Problem Description
A histogram is a polygon composed of a sequence of rectangles aligned at a common base line. The rectangles have equal widths but may have different heights. For example, the figure on the left shows the histogram that consists of rectangles with the heights 2, 1, 4, 5, 1, 3, 3, measured in units where 1 is the width of the rectangles:
Usually, histograms are used to represent discrete distributions, e.g., the frequencies of characters in texts. Note that the order of the rectangles, i.e., their heights, is important. Calculate the area of the largest rectangle in a histogram that is aligned at the common base line, too. The figure on the right shows the largest aligned rectangle for the depicted histogram.题意很简单就是找直方图能嵌套的最大矩形
Input
The input contains several test cases. Each test case describes a histogram and starts with an integer n, denoting the number of rectangles it is composed of. You may assume that 1 <= n <= 100000. Then follow n integers h1, …, hn, where 0 <= hi <= 1000000000. These numbers denote the heights of the rectangles of the histogram in left-to-right order. The width of each rectangle is 1. A zero follows the input for the last test case.
Output
For each test case output on a single line the area of the largest rectangle in the specified histogram. Remember that this rectangle must be aligned at the common base line.
SampleInput
7 2 1 4 5 1 3 3
4 1000 1000 1000 1000
3 2 1 2
0
SampleOutput
8
4000
3
Yes, the meaning of the questions is simply to find the largest, continuous rectangular sections.
So before you start, first clear we want to maintain a monotonic increasing stack. why? By simulating a few simple cases we find that when the height of a box higher than both sides, it is impossible to go down on both sides of the expansion.

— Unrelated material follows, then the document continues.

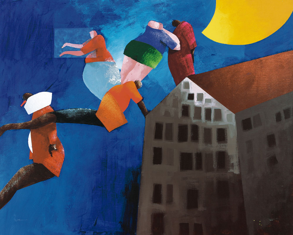 EMILIO TADINI Milano 1927 - Milano 24/09/2002 Fiaba acrilici su tela cm. 65x81, firma e titolo al retro, dichiarazione d'autenticità dell'artista su foto.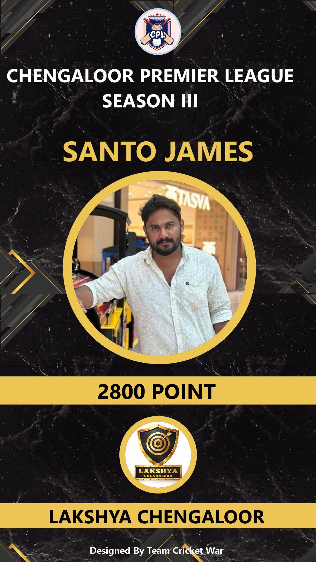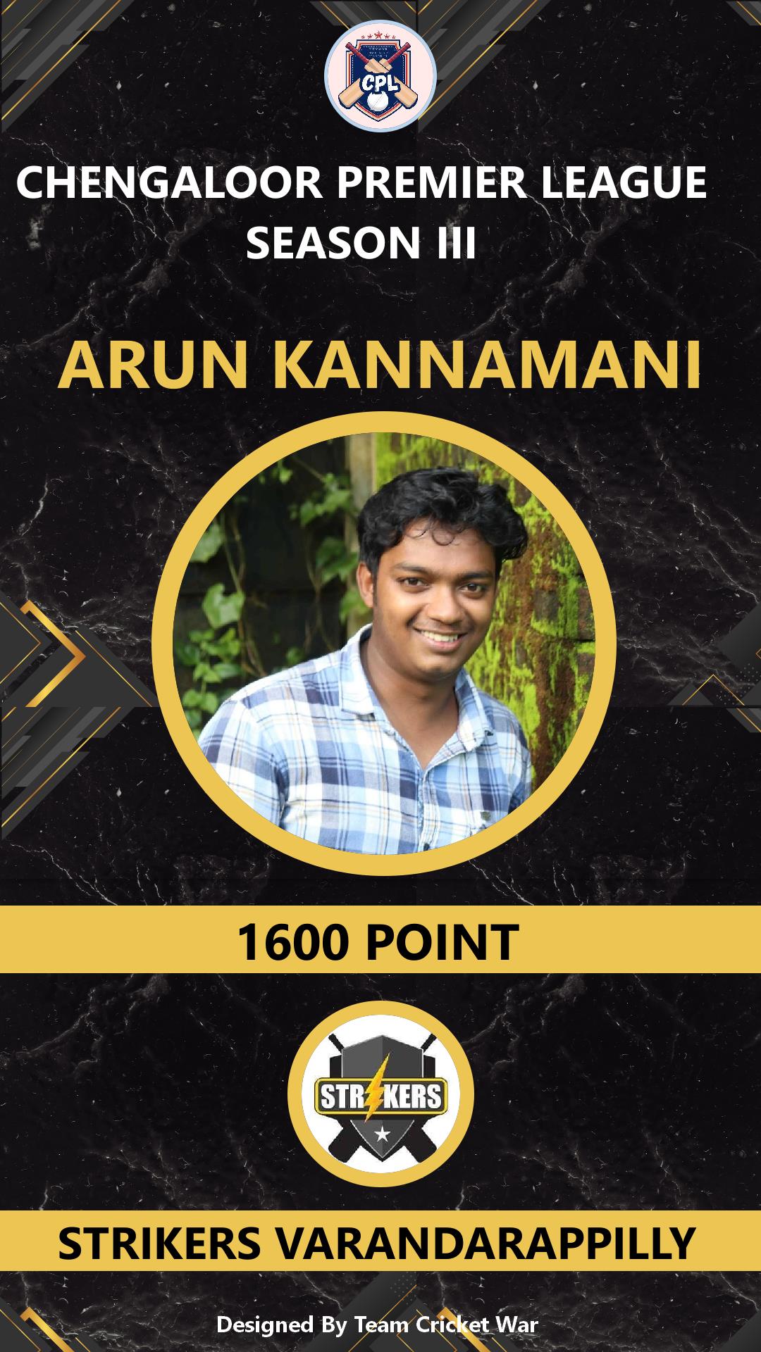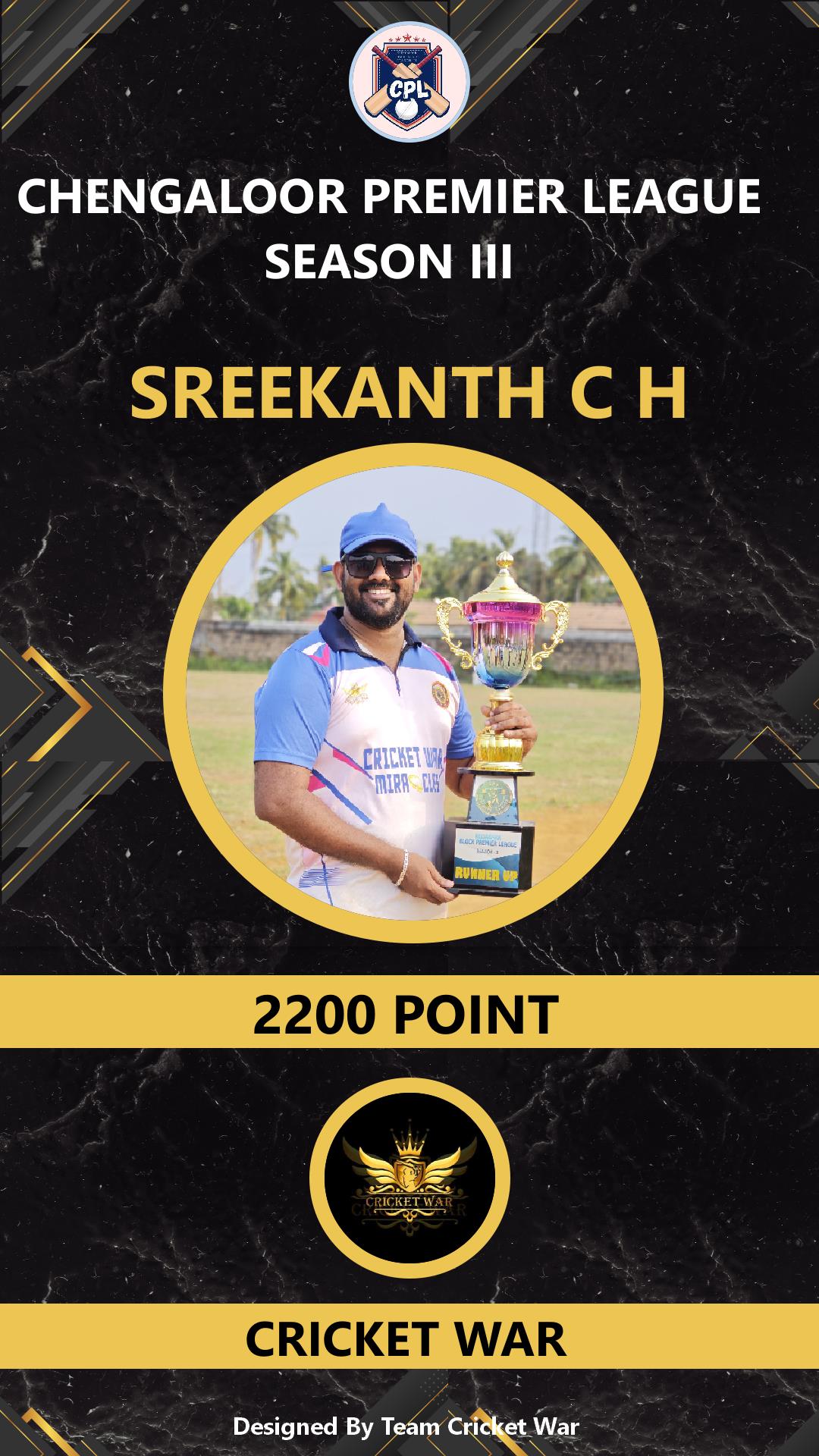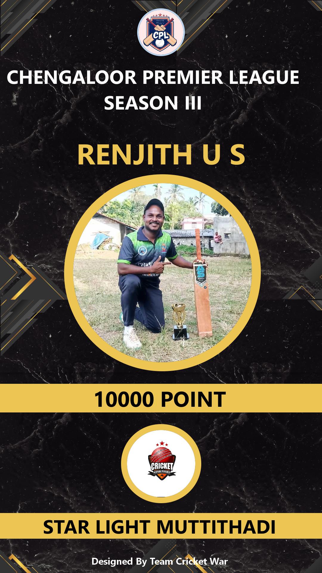 BATSMAN, AGE : 34 CHENGALOOR Bid Amount : 1400 Team : CRICKET WAR Download ID Card VIEW PROFILE |

So, if we have to maintain a monotonous stack, then each and every time we maintain this stack, only need to do a cycle of operation of the stack, and easily update the answer. Finally we get monotony or a stack, this time at the end to put a sufficient number of small, one-time pushed back, while the stack while updating the answer, the solution is finally obtained.
I can not tell text, combined with a better understanding of the code and case.
#include <stdio.h>
#include <stdlib.h>
#include <math.h>
#include <string.h>
#include <algorithm>
#include <iostream>
#include <stack>
#include <queue>
#include <vector>
using namespace std;
const int MAX=1e5+5;
typedef long long ll;
typedef unsigned long long ull;
struct node
{
ll h, w;/// h记录高度,w记录连续区间长度
}q[MAX], a;
int main()
{
ll n, h, i, j, ans, top, last;
while (scanf("%I64d", &n)&&n)
{
ans = top = 0;/// 初始化,栈一开始是空的,所以栈首位置top在0处
memset(q, 0, sizeof(q));
for (i=0; i<n; i++)
{
scanf("%I64d", &q[top].h);
q[top].w = 0;/// 为了不影响维护单调栈、top往前推的操作,刚推入栈的元素
///的w我们先初始化为0
while (top&&q[top].h<=q[top-1].h)/// top不能为0,前面没元素就没必要维护;
{ ///维护单调递增,所以后一个元素小于前一
///个元素时,我们就需要更新维护了(=可
///有可无)
q[top-1].w += q[top].w;/// 因为是单调栈,所以当前元素一定可以扩张到栈
///首。比如案例中,假设我们维护到栈为 1 4 5 了,
///这时候5能向后扩张0个,4能向后扩张5的w个,也
///就是1个,1能想后扩张4的w个,也就是1+1个。所
///以这一轮如果我们直接在5后面放个0一次性推到
///底,我们能得到5*1,4*2和1*3这三个答案
/// w说得更明白一点,就是压入你这个元素时,有多少个元素出栈了。这意味着,这
///个元素“吃”掉了那么多个比它大的元素,纳入了自己的可扩张区间。毕竟只要前面
///的元素大于(等于)当前元素,就说明以当前元素的高度还可以往前继续扩张
ans = max(ans, q[top-1].h*q[top-1].w);
q[top-1].h = q[top].h;
top --;
}
q[top].w ++;
top ++;
}
q[top].h = 0;/// 最后一次大清仓,把栈中余下元素能产生的答案全部生成出来,
q[top].w = 0;///更新解。这里的操作就是直接压入一个恒小于所有栈中元素的新
///元素0,保证它能一路往回推
while (top&&q[top].h<=q[top-1].h)
{
q[top-1].w += q[top].w;
ans = max(ans, q[top-1].h*q[top-1].w);
q[top-1].h = q[top].h;
top --;
}
printf("%I64d\n", ans);
}
return 0;
}
This case is still very question to have a conscience, thinking and more in accordance with the code, or the monotonous stack, to simulate a few times and immediately be able to understand how to maintain, which details the maintenance have.